You thought I was joking, didn't you!

You thought I was joking, didn’t you!

The island also takes advantage of the many day-tripping tourists who arrive by ferry. There are a surprising number of cafes and bars, some of which appear to be people’s homes, converted for the long summer into hostelries. Service is simple and informal – uncapping a bottle of cold beer pulled from the fridge is the extent of it!

On 19th July 1987, the village en masse refused to participate in the national elections. They were protesting against the lack of assistance they received from the Portuguese government, feeling they were being forgotten and left behind. Their protest caught the government’s attention and since then the islanders have seen many improvements to their lives – the island got electricity in 1993, a health centre in 2006, water supply and sanitation in 2009, and a scheduled ferry service to Faro in 2010.

A typical 'street' in the village

A typical ‘street’ in the village

The island is a nature reserve, so no further development is allowed to take place. As a result, the newest houses look at least 30 or 40 years old, with only a few community buildings, such as the school, dating from more recently.

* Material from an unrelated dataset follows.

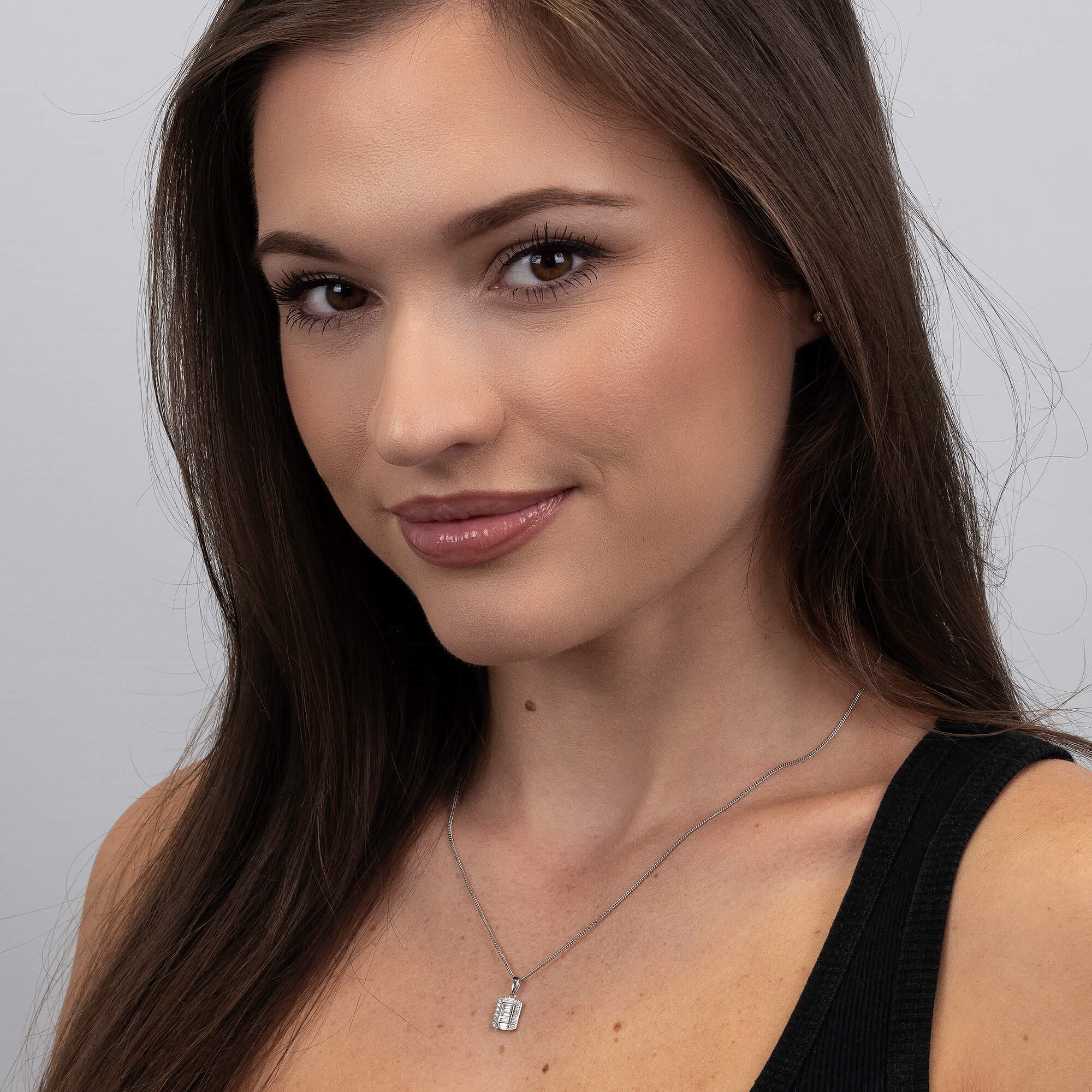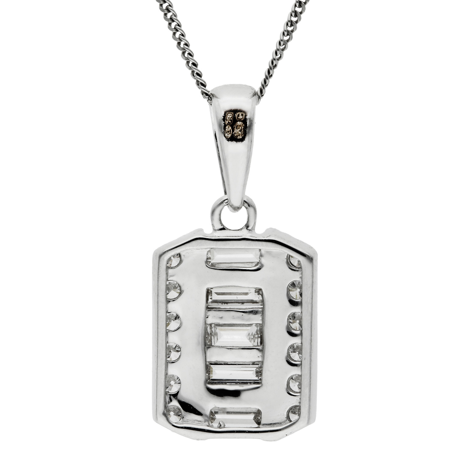 This stunning 18ct white gold pendant showcases a spectacular Deco inspired design, featuring an array of sparkling diamonds totalling 0.38ct. The rectangular channel and claw set diamonds create a dazzling geometric pattern, evoking the glamour of the Art Deco era. Crafted with meticulous attention to detail, this pendant is both elegant and timeless, making it a perfect choice for those who appreciate vintage-inspired luxury. Ideal as a gift for a diamond occasion or an April birthday, this eye catching piece is sure to impress. Its opulent design is complemented by a sleek white gold chain, offering a refined finish for any occasion.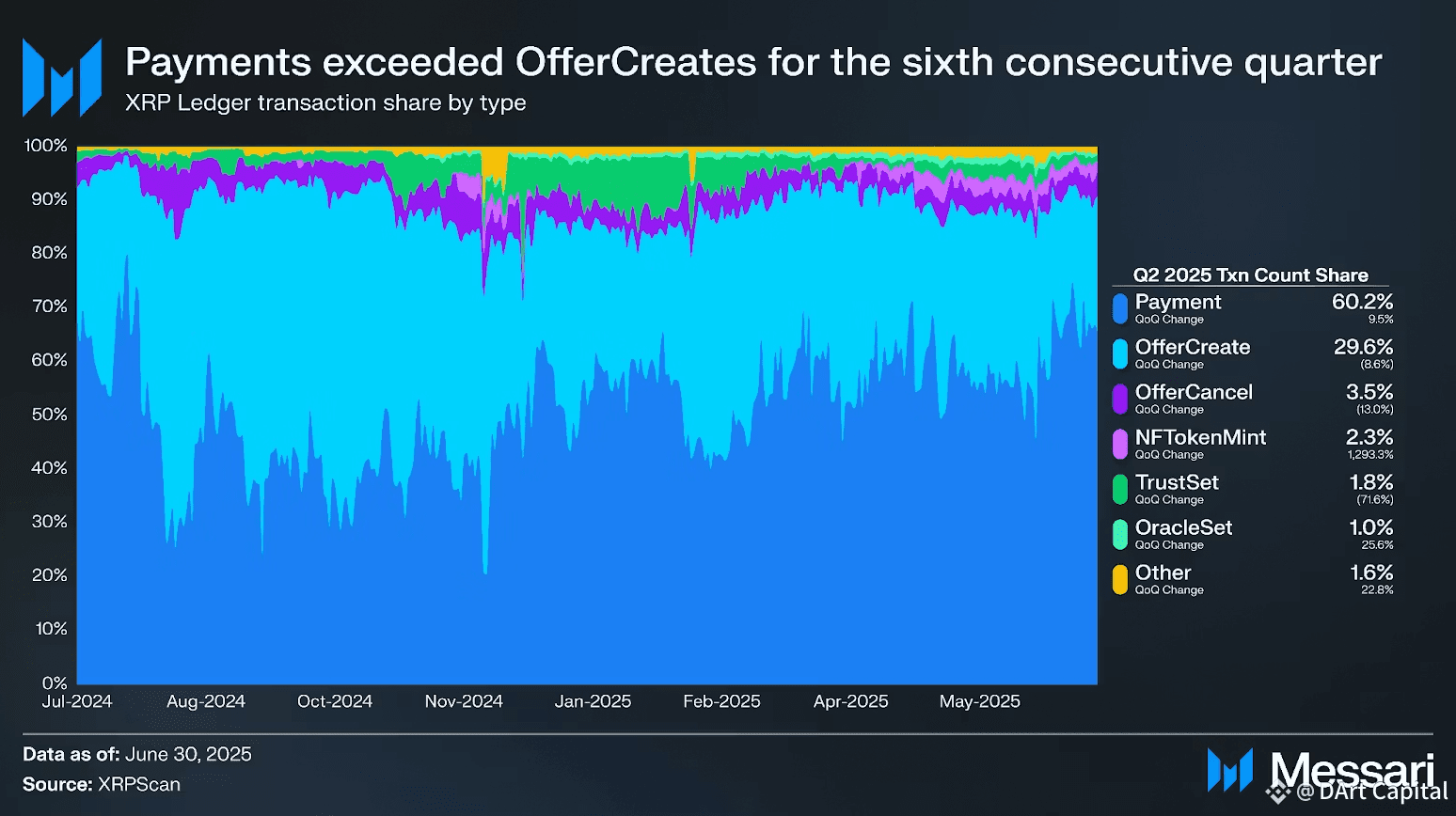 Grafik ini dengan jelas menunjukkan adanya pergeseran dramatis dalam jenis transaksi yang paling sering digunakan di XRP Ledger. Dulu, platform ini sering dianggap sebagai tempat 'bermain' para trader dengan aktivitas seperti OfferCreate. Namun, tren itu kini berubah total. 🔄

We arrived onshore late in the afternoon of our first day here. We quickly surveyed the village and then walked across the island to the expansive beach on the south side, where the Atlantic rolls in and crashes on the shore in waves just the perfect size for the children to play in. Since then, we have visited the beach every day, where the swimming is excellent!

Fun on the beach

Fun on the beach

In an effort to protect the delicate sand dunes and salt marshes from the constant train of visitors each day, a raised walk-way runs from the village to the beach.

Back in the village, Lily and Katie played with some local children at the playground, while Julian and I sat and drank a beer at a nearby bar. Large dogs roamed freely, in and out of the playground, ignoring the children, minding their own business.

I long to see the island in winter, when the tourists have departed. I suggested to Lily that she and Katie go to school here, and we could live in one of these tiny houses, pick clams and send Julian out bass fishing! My little fantasy!